Wednesday, May 05, 2010
MP demands answers over wait for £12.5m payout to ex-MG Rover workers
Richard Burden, the Labour MP for Birmingham Northfield, whose constituency covers the car plant in Longbridge, said the former bosses, nicknamed the Phoenix Four, had the means to solve the impasse.
However, the former owners now say the money laid aside to cover the £12.5m payout they promised is at risk after a bank came forward to claim a debt.
HBOS, a part of Lloyds, which is 41 per cent owned by the Government, has called in a £23m debt after losing millions in the firm.
The Phoenix Four said the HBOS claim jeopardised the trust fund and said it was "fundamentally and morally wrong".
They said it was a "spurious" action which would prevent 6,000 car workers who were made redundant at the Midlands factory from getting the money that they were promised.

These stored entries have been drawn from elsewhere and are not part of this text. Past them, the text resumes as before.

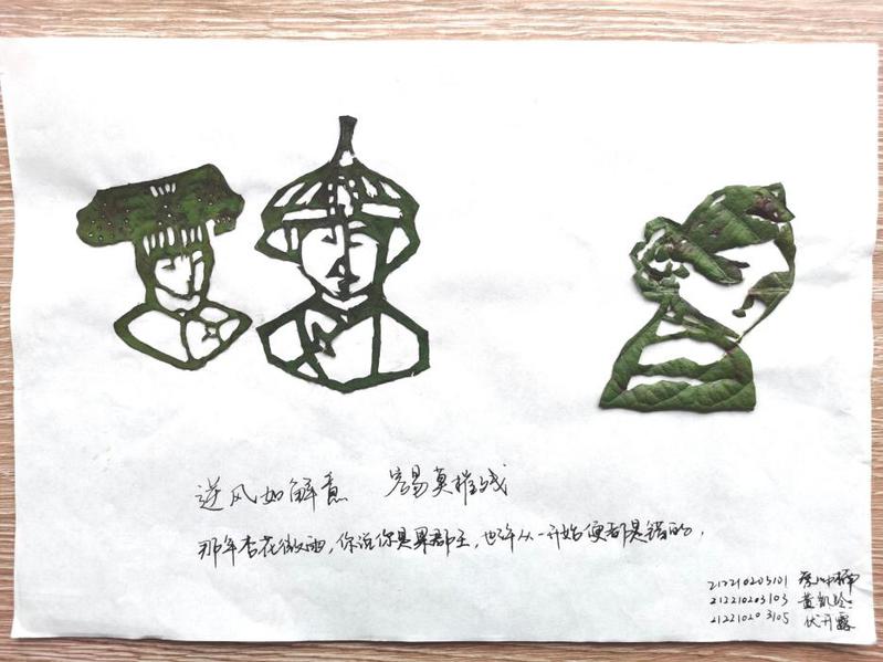 “逆风如解意,容易莫摧残”,蔡帅楠、董凯玲、伏开露三人用落叶进行剪裁和拼接,生动传神地重现了《甄嬛传》的名场面,展现了他们对该经典影视剧的深入研究以及大学生多姿多彩的课外娱乐生活。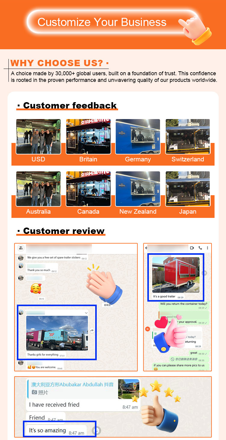 Som huvudmaterial valde vi högkvalitativt 304 rostfritt stål, som är känt för sin utmärkta korrosionsbeständighet och utmärkta hållbarhet, och kan bibehålla stabila prestanda i en mängd olika miljöförhållanden, vilket säkerställer att våra Food Van-produkter kan behålla sin utmärkta kvalitet och funktionalitet även på lång sikt och möta en mängd olika utmaningar. 304 rostfritt ståls utmärkta motståndskraft mot korrosion, så att Food Van inte är lätt att påverkas av oxidation eller rost, vilket kraftigt förlänger dess livslängd. Den utmärkta korrosionsbeständigheten hos 304 rostfritt stål gör Food Vans mindre mottagliga för oxidation eller rost, vilket avsevärt förlänger deras livslängd.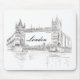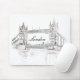 Almohadilla para el ratón con una pluma y un ilustracion de tinta del puente de la Torre de Londres. Este clásico y sofisticado dibujo en blanco y negro es el regalo perfecto para su anglófilo favorito.

HBOS said it had a duty to recover any losses it had incurred and said that the Phoenix Four were not in a position to promise money to former staff which they already owed to someone else.
Others, including the MP, suggested the accusation was a smokescreen intended to mask the fact that all the Phoenix Four's promises about a fund for workers who lost their jobs have, to date, proven empty.
Mr Burden said: "The Phoenix Directors still have it in their power to end the delay and to get money into the Trust Fund for their former employees.
"They have already had to wait five years - and that's five years too long.
"The Phoenix Directors awarded themselves millions of pounds over the years from their involvement with MG Rover and related companies.
"That money does not appear to have been held up by any possible claims from HBOS. So there is no reason to hold up why money due to former employees who have already lost so much."